Cover Design: The Essentials
Print book or e-book alike, you need to invest care, attention and good design in your choice of cover.
- Keep it simple. Many self-published books are sunk by their author’s desire to embody all the symbolism on the cover; the over-the-top approach rarely works out well.
- Gather a collection of covers that you like and work out what appeals about them. Are they similar to other covers in the same genre as your story?
- Once you’ve arrived at a design you like, reduce it down to the size it will be when viewed on screen through sites like Amazon. Is it still active? Can you still read the title?
- If you are creating both a print book and an e-book, it may help to use the branding from the print book but simplify it for the e-book version.
- In a print book, don’t forget the back cover. The images can compliment the front, and the blurb is very important. The theory goes that in a bookshop it’s the front cover that attracts readers to pick up the book, but it’s the back cover that influences their decision to buy or not. And while you’re at it, remember the spine.

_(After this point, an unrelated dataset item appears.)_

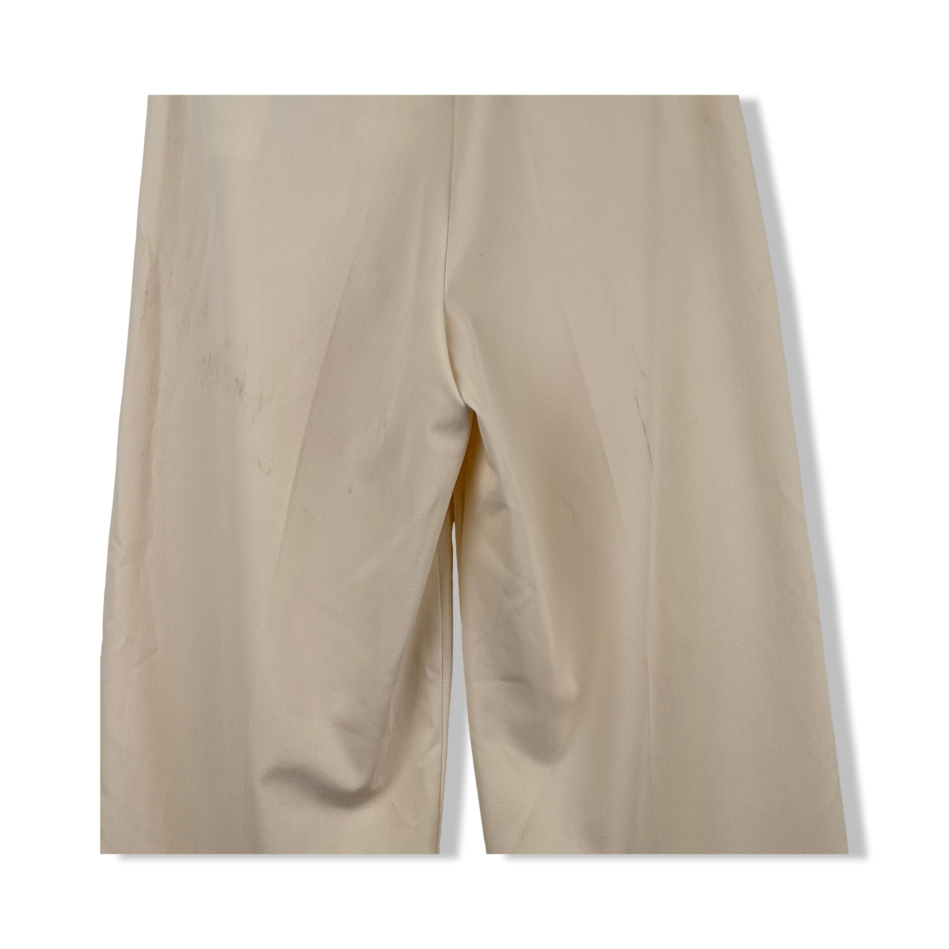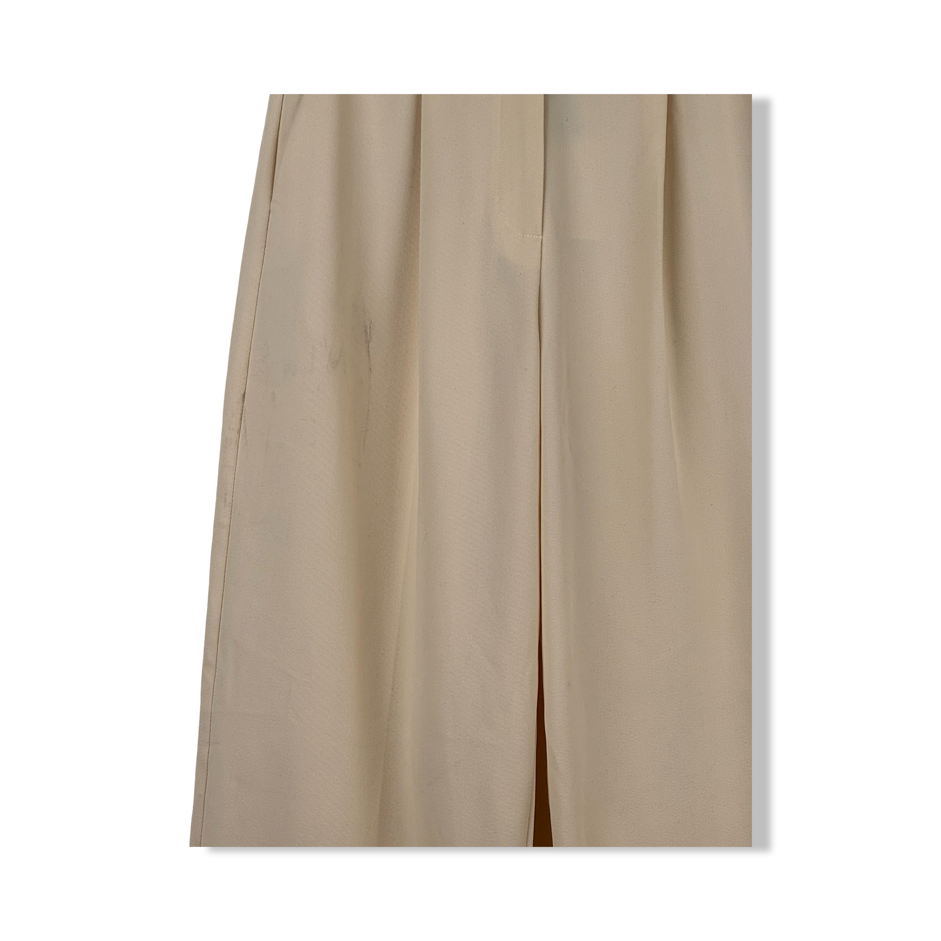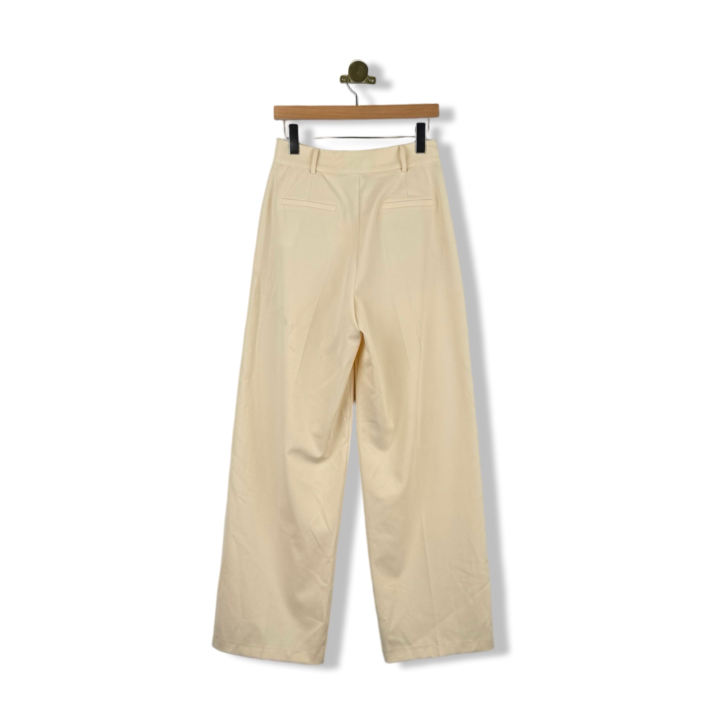 - Straight leg pants with pleated front, front/back pockets and zip fly with hook-and-bar closure. Signs of wear (pictured)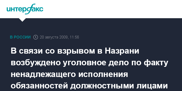 В связи со взрывом в Назрани возбуждено уголовное дело по факту ненадлежащего исполнения обязанностей должностными лицами МВД Ингушетии

After all, many books will be ‘spine out’ on a bookstore shelf, and the title/author combination needs to be legible from afar; the spine colour should also, ideally, harken to the front design.
- E-books don’t have a back cover, of course, but they can have a ‘book wrapping’ with marketing and advertising at the back for other titles, and links on where to buy, or author blogs and references.
What do you look for in a good book cover?